To demonstrate the significance of the export cable problem, Esgian calculated that a six-month outage for a wind farm could reduce its lifetime power output by one percent. That becomes a significant financial consideration since wind farms are paid for the power they deliver. In many locations, that price is supplemented by subsidy payments for each kilowatt-hour of power delivered. For projects that are financed with substantial debt to boost the traditionally low return on investment of wind farms, losing such an amount of lifetime output could be financially crippling.
The analysts were asked a series of questions about their data and conclusions. One question was whether the capacity factor stagnation when wind turbines increased from 6 MW to 8 MW was due to export cable issues. They answered that the lack of improvement was not always due to export cable issues, but it did play a role. It appears, however, that despite the physics of larger turbines, 8 MW turbines haven’t performed as projected. They cautioned that these larger turbines have not been operating as long as the smaller ones, so that capacity factors may improve over time.

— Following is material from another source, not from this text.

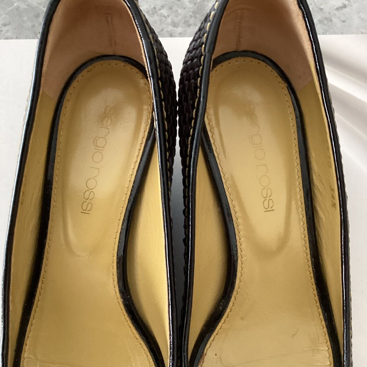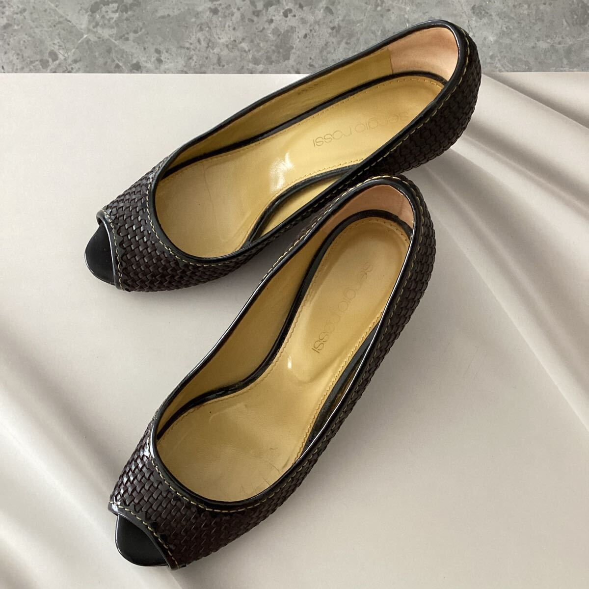 ■ セルジオロッシ オープントゥウェッジヒールパンプス ダークブラウン ■

With changing sentiment about the energy transition exemplified by the shift in the IEA’s policies, the issues highlighted in these two analyses point to economics and performance reality becoming more critical in influencing the use of renewables. We have spent the past few years discussing how renewable generating capacity dominates the grid’s installations. Those days may end with the discussion shifting to whether we are installing enough hydrocarbon (dispatchable) power. That would usher a more favorable view of the oil and gas industry.